Sur les réseaux sociaux congolais, tout peut rapidement devenir viral. Ce mardi 4 novembre 2024, l’opinion nationale s’est réveillée avec une information qui a provoqué une véritable onde de choc.
Un document, présenté comme officiel et signé par la ministre de la Culture, des Arts et du Patrimoine, Yolande Elebe, circule abondamment.
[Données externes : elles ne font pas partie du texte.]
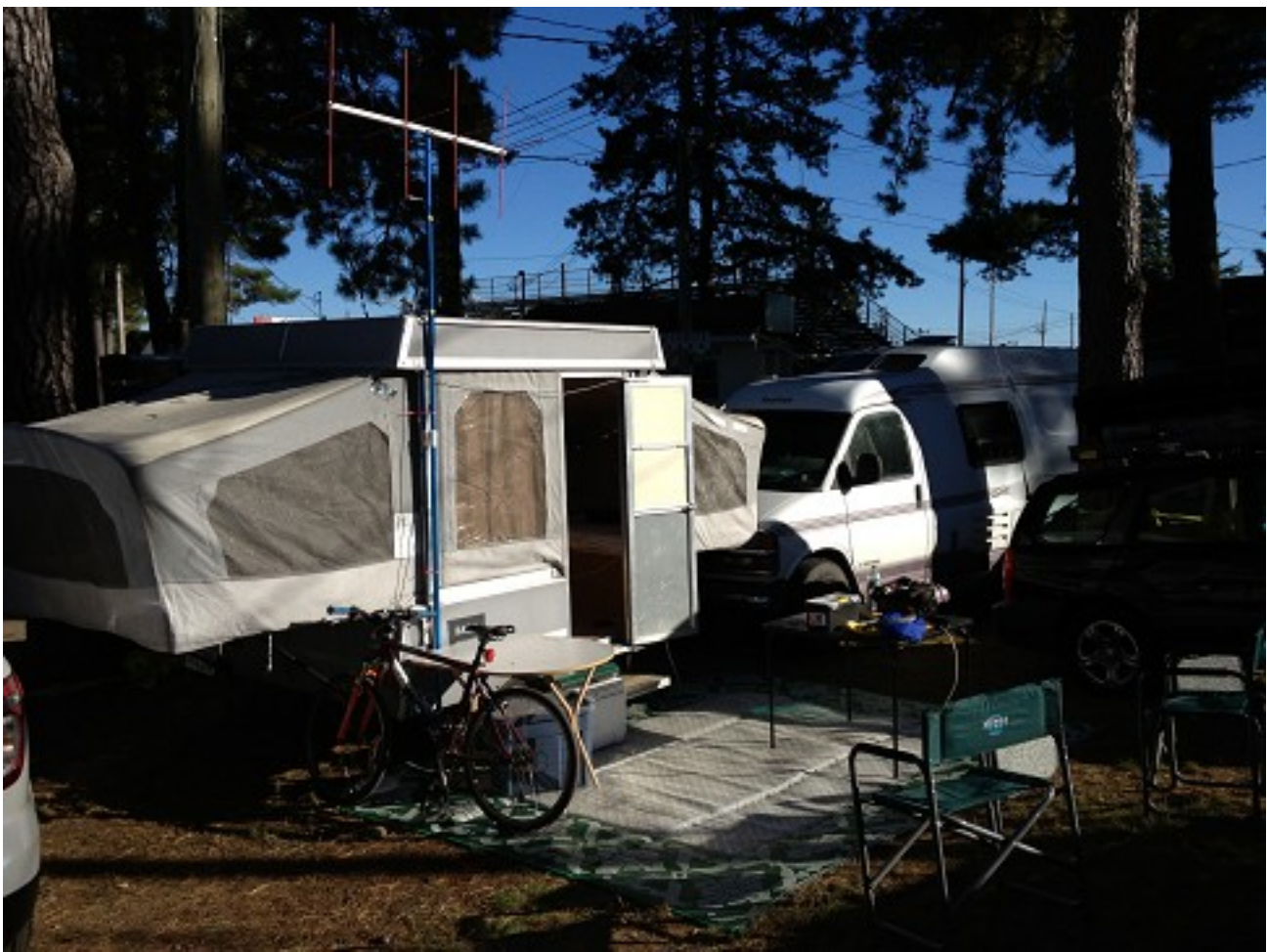
The beautiful BABB COMM ONE camp site. This year Chris added a homemade 2meter, 4 element beam (below)

Intitulé « Budget prévisionnel : accompagnement pour le concert de Fally Ipupa au Stade de France », il évoque un décaissement de 985 000 dollars américains du Trésor public pour soutenir cet événement prévu le 2 mai 2026.
Si l’intention du gouvernement d’accompagner une icône culturelle nationale peut sembler louable, le montant annoncé suscite de vives réactions. Près d’un million de dollars pour un concert : un chiffre jugé exorbitant par de nombreux internautes, au regard de la situation socio-économique difficile du pays et de la crise sécuritaire persistante dans l’Est de la RDC, où les besoins humanitaires restent considérables.
D’autres voix, cependant, appellent à la prudence et évoquent la possibilité d’un faux document, estimant qu’il s’agirait d’une tentative de déstabilisation visant à ternir l’image de Fally Ipupa, actuellement en pleine préparation d’un concert historique, ainsi que celle des institutions de l’État.
Le document controversé, s’il est avéré, détaille les dépenses comme suit :
Programmation culturelle parallèle au Stade de France : 100 000 $
Achat de 5 000 billets pour le concert (75 $ chacun) : 375 000 $
Acquisition de 5 loges VIP pour les officiels (25 000 $ chacune) : 150 000 $
Mobilisation et mise à disposition de bus pour la diaspora : 30 000 $
Organisation du « Side Event Fally » : 50 000 $
Couverture médiatique (photo, vidéo, presse) : 35 000 $
Production d’un documentaire sur la rumba au Stade de France : 80 000 $
Création de l’espace « Kongo Culture » autour du stade : 120 000 $
Coordination logistique : 15 000 $
Création et distribution d’objets culturels symboliques : 30 000 $
À ce stade, aucune réaction officielle n’a été enregistrée du côté de la ministre de la Culture, ni par voie de communiqué ni par intermédiaire. En attendant une clarification, le débat reste ouvert entre ceux qui y voient une initiative culturelle légitime et ceux qui dénoncent une dépense injustifiable.